Marc's Bower

Marc Jones

Language teaching, higher education in Japan and the factors that affect it.

Comment welcomed and all stuff works in progress.

(Lou) Just to say Marc that I'm really looking forward to hearing your thoughts from a Japanese perspective. International Bowerbird!

Critical Pedagogy Idea (abstract for a journal article proposal)


Reflections on using a self-determined learning (cite) and open pedagogy (cite) model with learners in a private Japanese university. The context is a ‘Language and Culture’ course within a Global Communication (English) course, where learners from overseas join a class where the classroom language is L2 English and the majority of the learners are L1 speakers of Japanese. I, the instructor-reporter, have decided to forego a simple, ‘politically neutral’ course that looks wholly at Eurocentric cultural issues or at English as a Lingua Franca purely for neoliberal purposes; rather, he has taken up structuralist and post-structuralist thoughts on language in order for learners to examine their attitudes and beliefs about language, it's purpose for them within society and within communities, how they interact with racio-linguistic prescriptivism within an undergraduate language programme, and how they engage critically with multilingualism as individuals within global capitalism.
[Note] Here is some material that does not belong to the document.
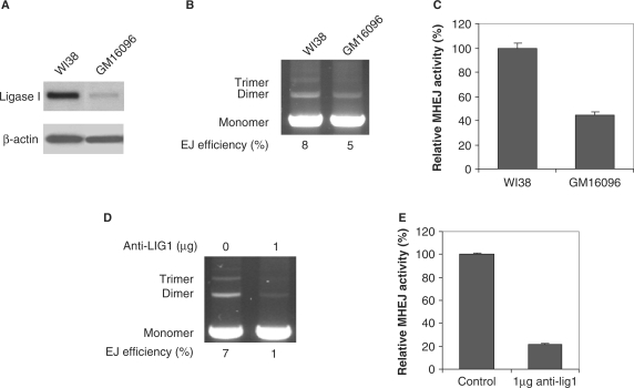 Figure 3. Mutation in the ligase I gene results in decreased MHEJ. (A) Western blot analysis with the antibody against DNA ligase I. GM16096 cells are primary human fibroblast cells that carry two different missense mutations in the ligase I gene. WI38 cells are primary normal human fibroblasts. (B) End-joining activities. End-joining assays were carried out using 1 μg nuclear extract prepared from GM16096 or WI38 fibroblast cells. (C) Quantification of MHEJ activity. (D) Inhibition of end-joining by anti-Ligase 1 antibodies. Nuclear extract from HTD114 cells (1.6 µg total protein) was incubated for 30 min on ice with 1 µg antibody against human DNA ligase I, then incubated with 400 ng linear DNA at 14°C. After 1 h incubation, DNA products were analyzed by agarose gel electrophoresis. (E) Quantification of MHEJ affected by anti-ligase 1 antibodies.

For many learners it is the first time that they have been tasked with engaging critically with both their own culture as well as calling into question the ontology of ‘English-speaking culture’ and ‘global communication’, as opposed to consumption of cultural source material which provides little opportunity for construction or seizure of cultural capital (Bourdieu, 1982). Additionally, it is the first time for many of the learners to engage with studies where the banking model (Freire, 1982?) is avoided, while cooperative group work is used not as a classroom convenience but as a model for scaffolding change within individuals.


I reflect upon the successes, failures, affordances and obstacles within the course and the ways in which the learners have chosen to (dis)engage with examinations of English L2 extrinsic motivational factors (Dörnyei, 2013?) and neoliberal discourses regarding ELF.


Comments

Love it Marc - can't wait to read and find out more. I have a (much more shallow) experience of going to India on a sort of mini lecture tour - fun at first and then after a while my critical sense kicked in and I started to think, what am I doing here? Playing into uncritical acceptance of English as a linguafranca with young people on undergraduate programmes who thought they'd get work at Western universities. They'd been sold something at these expensive private universities which wasn't true...


Hi (Sarah). I love the way your idea supports students to consider language as a cultural construct - and it is hugely interesting - it makes me consider from my own perspective how international students might consider their acquisition of (English) language works in relation to wider ideas of cultural capital - is English still needed in a world of google translate? If not, why is it still a global language of import? Hugely interesting - I hope you write more.